Modeling and optimization of ultrasonic cleaning process for hard disk drive arm using support vector regression

The ultrasonic cleaning has been widely adopted in hard disk drive manufacturing industry due to its
effectiveness in removing contamination from the final products, sub-assemblies and components. This process is
suitable for delicate product with high complexity. The process efficiency depends on six factors including
ultrasonic frequency, type of liquid medium, time, temperature, power, and finally a number parts in cleaning
basket. These factors, if not carefully set, might result in failure in contamination removal indicated by high
level of liquid particle count (LPC), damages of hard disk drive and ultimately shorten product’s durability.

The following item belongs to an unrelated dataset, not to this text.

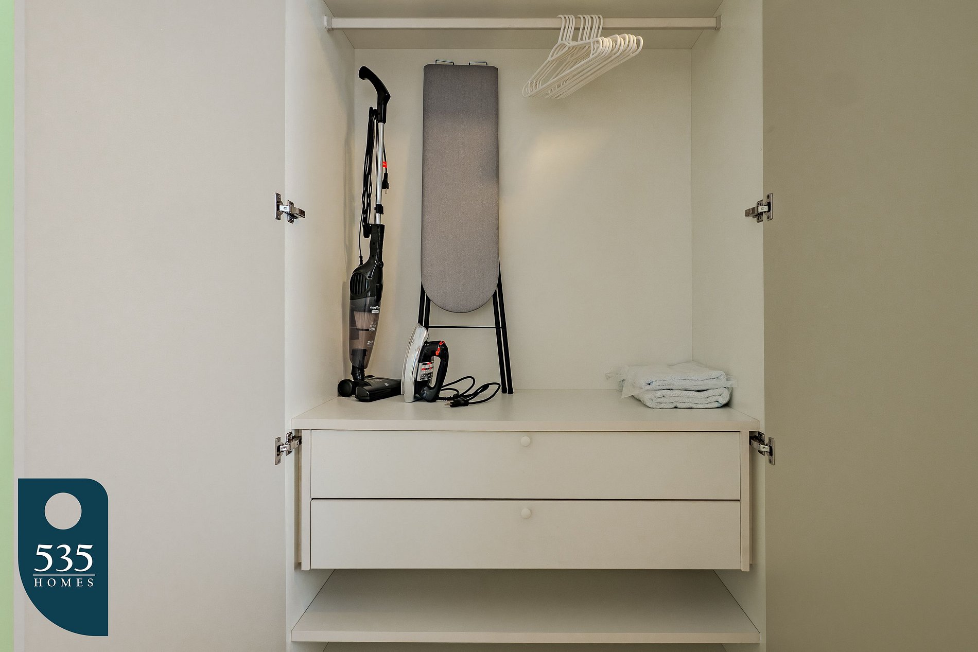 In the bedroom, comfort continues with a 32” Smart TV, air conditioning, iron, and a compact ironing board—ideal for those who like to keep everything neat and tidy.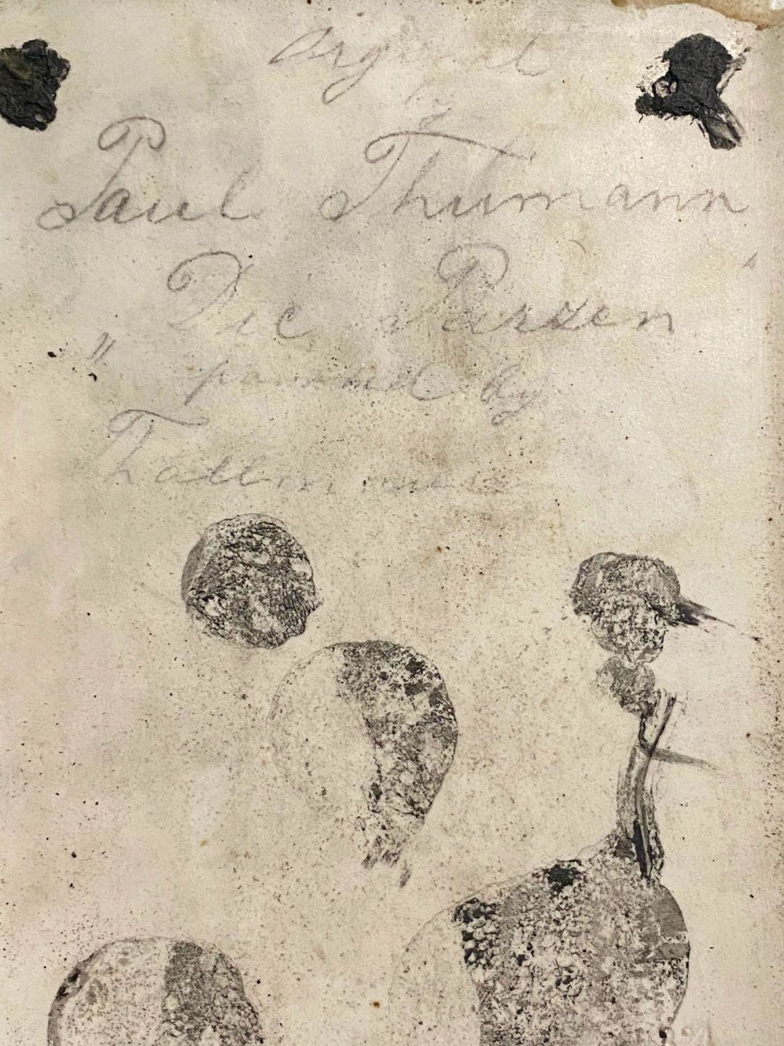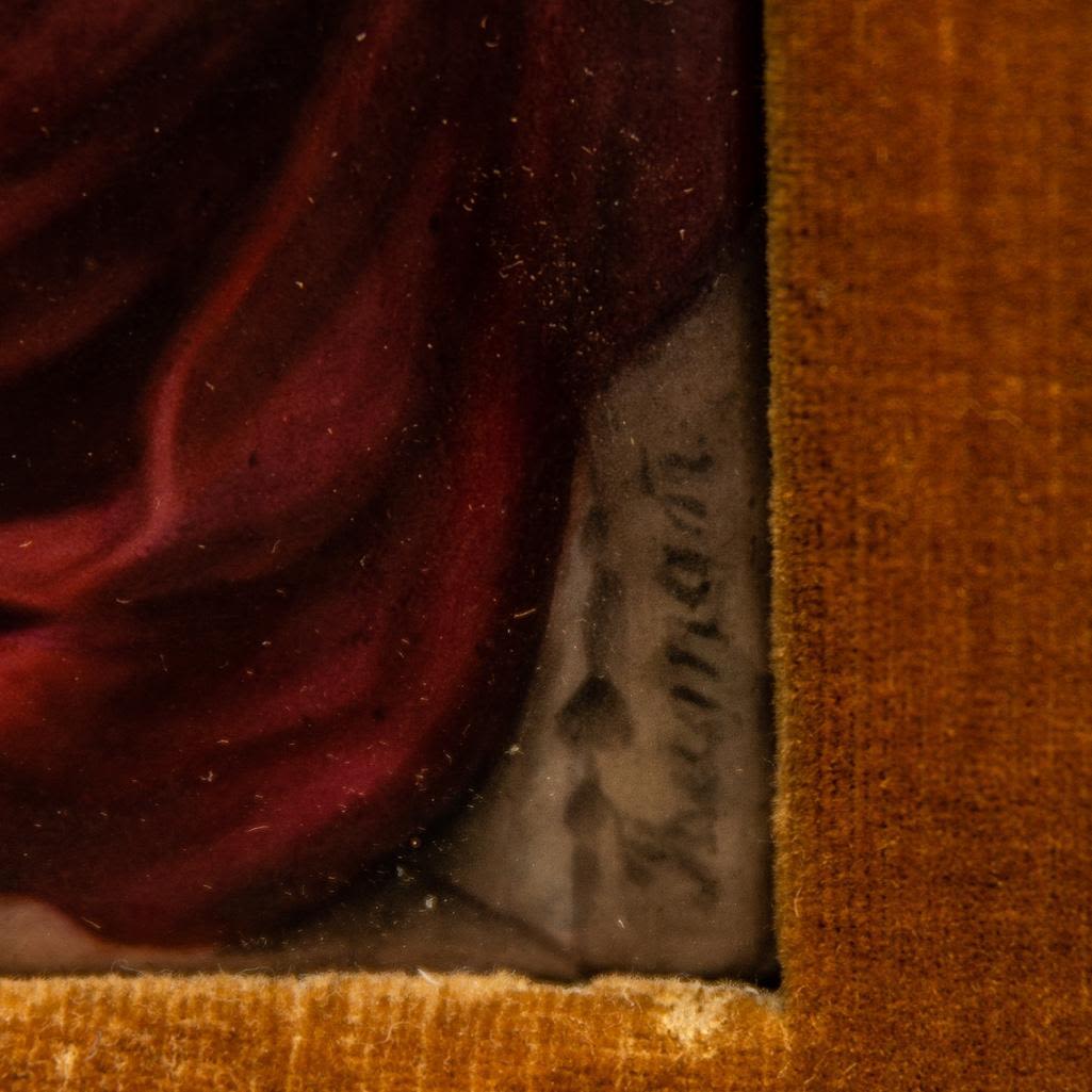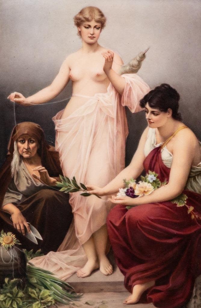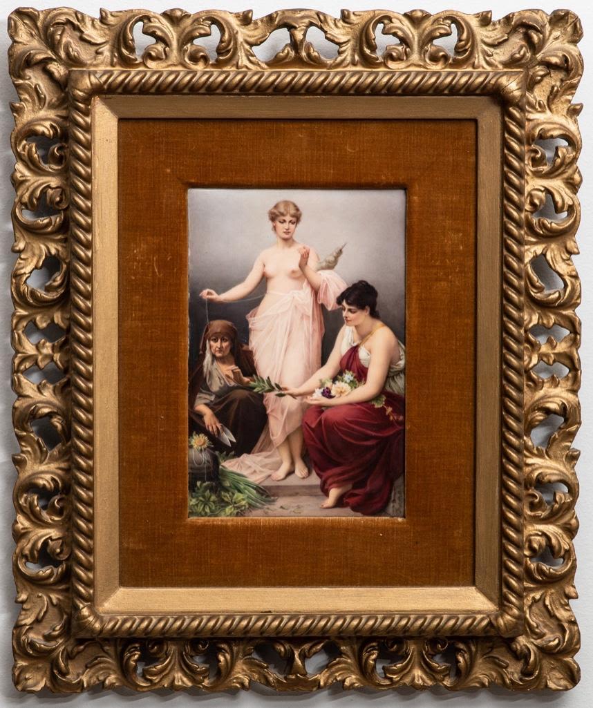Paul Thumann painted Porcelain Plaque "Three Fates". Impressed Number 324, Probably KPM, Inscriptions on rear of plaque. Signed. In gilded frame. Porcelain. Framed measures 17 1/2" h x 14 5/8" w x 2" d. Tile measures 9 1/4" h x 6 1/4" w.

The ultrasonic cleaning process setting is usually determined by experience of operators, which might not
always result in optimum condition. Therefore, this study presents an application of the integration between
Taguchi Method and Computational Intelligence (CI) techniques, increasingly applied for modeling and
optimizing the performance of manufacturing industry, to identify the optimum setting of the cleaning process
parameters focusing on quality improvement of the finished hard disk drive arm that can deliver clean surface
of the product with no damage. The proposed method is as follows. Firstly, both Support Vector Regression
(SVR) and Artificial Neural Network (ANN) were trained with experimental data to model LPC level of the
cleaning process. The model with highest accuracy was selected to be a Suitable Computational Intelligence
Model (SCIM). Then, a Grid search was opted to the SCIM to find the optimum settings. Data from real
experiments of nigh hawk 1H hard disk drive arm were used to demonstrate the proposed method. The
experimental results suggested that SVR technique is capable of high accuracy modeling and results in much
smaller error and learning time in comparison with ANN.